Drury[Reference 2] defines qualitative measures as ‘those factors that cannot be expressed in monetary terms’. From this it follows that ‘qualitative’ does not mean ‘non-numeric’, although it can often be difficult to decide how to convert a ‘qualitative’ issue into a numerical scale.
The example of customer satisfaction from the project based on New Look may help to illustrate this. It goes without saying that customer satisfaction is an important qualitative objective for any organisation. However, what this actually means needs to be clarified. In the suggested solution, the measure is defined as ‘customers in the last month who had bought products in the last six months’. This is not by any means the only way in which customer satisfaction could be measured, but it is relevant and it meets the criteria of being specific (returning customers), measurable (number of customers), realistic (it focuses on a key issue for the business – customers), time bound (within six months). It does not address the requirement to be achievable as this would require specific knowledge of the business. However it follows that ongoing measurement would seek to encourage a continuous improvement in the level of performance achieved. Thus any candidates who made sensible suggestions as to the required level of performance would have been awarded marks.
What techniques could be used?
The purpose of this article is to place performance measurement in context, rather than to examine specific techniques, which will be discussed in future articles. However, candidates should note that much of the discussion in this article refers to the opportunity for expanded analysis provided by the project.

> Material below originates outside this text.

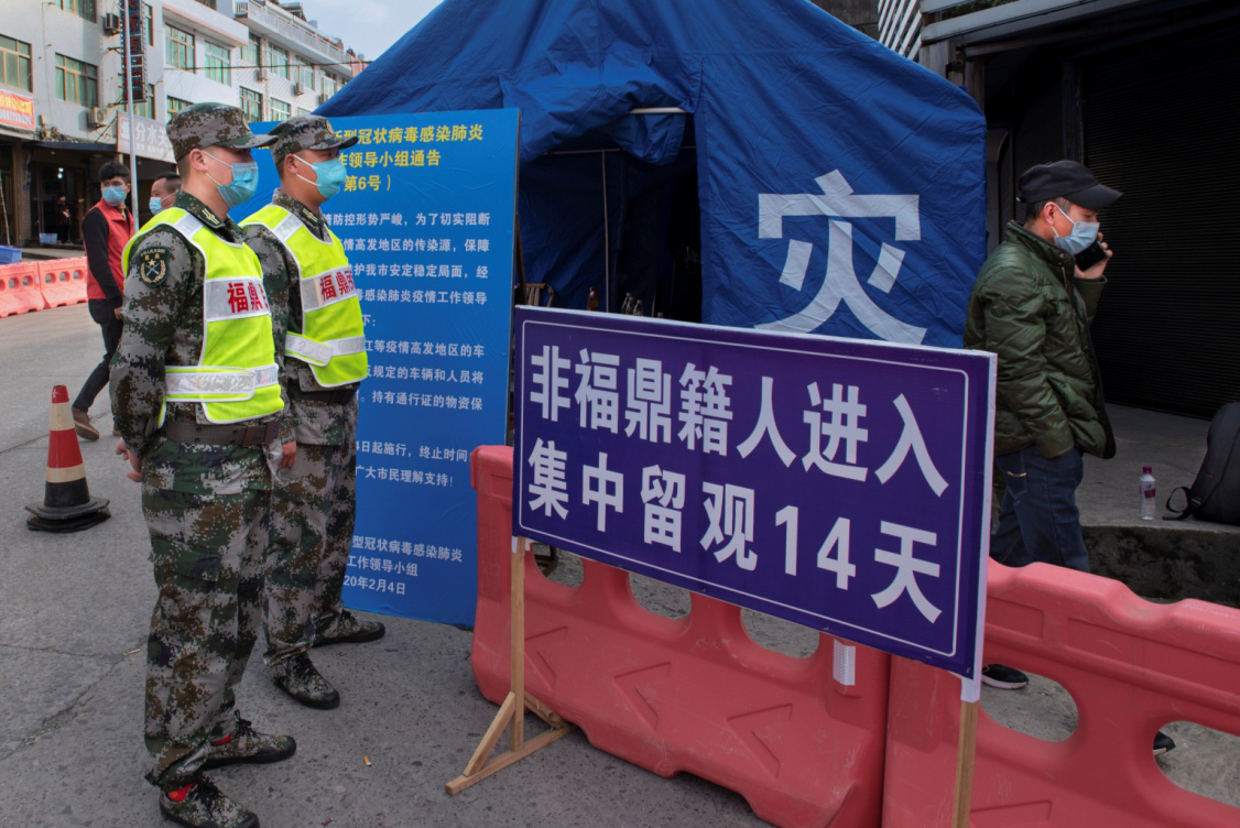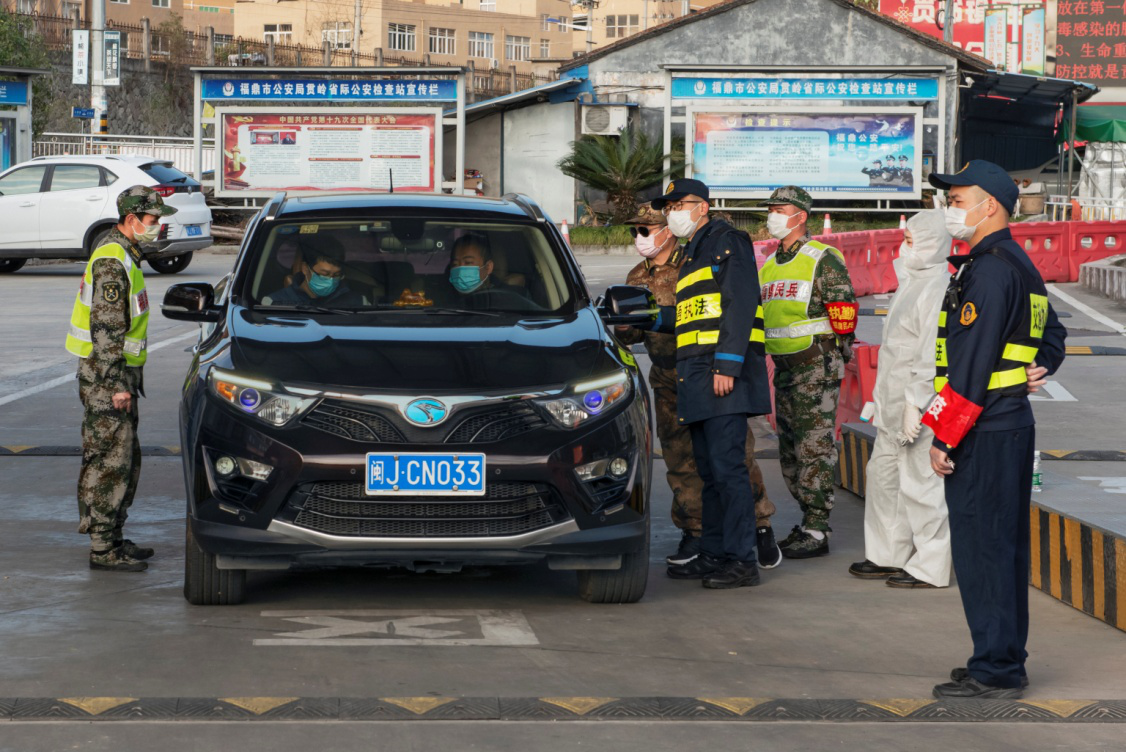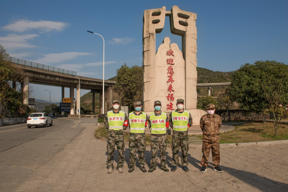 从2020年2月1日起,福建"北大门"福鼎分水关,属地贯岭镇民兵闻令而动,挺身而出,担当“疫”线“守门员”(2月21日摄)

When performance measurement is assessed in the exam, a demonstration of the ability to apply a technique will usually be required. Such a question will invariably include the need to discuss how the results of a technique should be applied, but such discussion will naturally be limited by the time constrained nature of an exam.
Candidates should therefore ensure that they understand the purpose, method of calculation, and application of the techniques specifically referred to in the Syllabus and Study Guide. Key points for performance measurement:
- consider the context
- select measures related to objectives
- justify your measures
- specify your measures
- include non-financial/qualitative measures.
Ronnie Patton is examiner for Module A
References
1 Kaplan, R S and Atkinson, A A, Advanced Management Accounting, Prentice Hall, 1998.
2 Drury, C, Management and Cost Accounting, sixth edn, Thompson, 2004.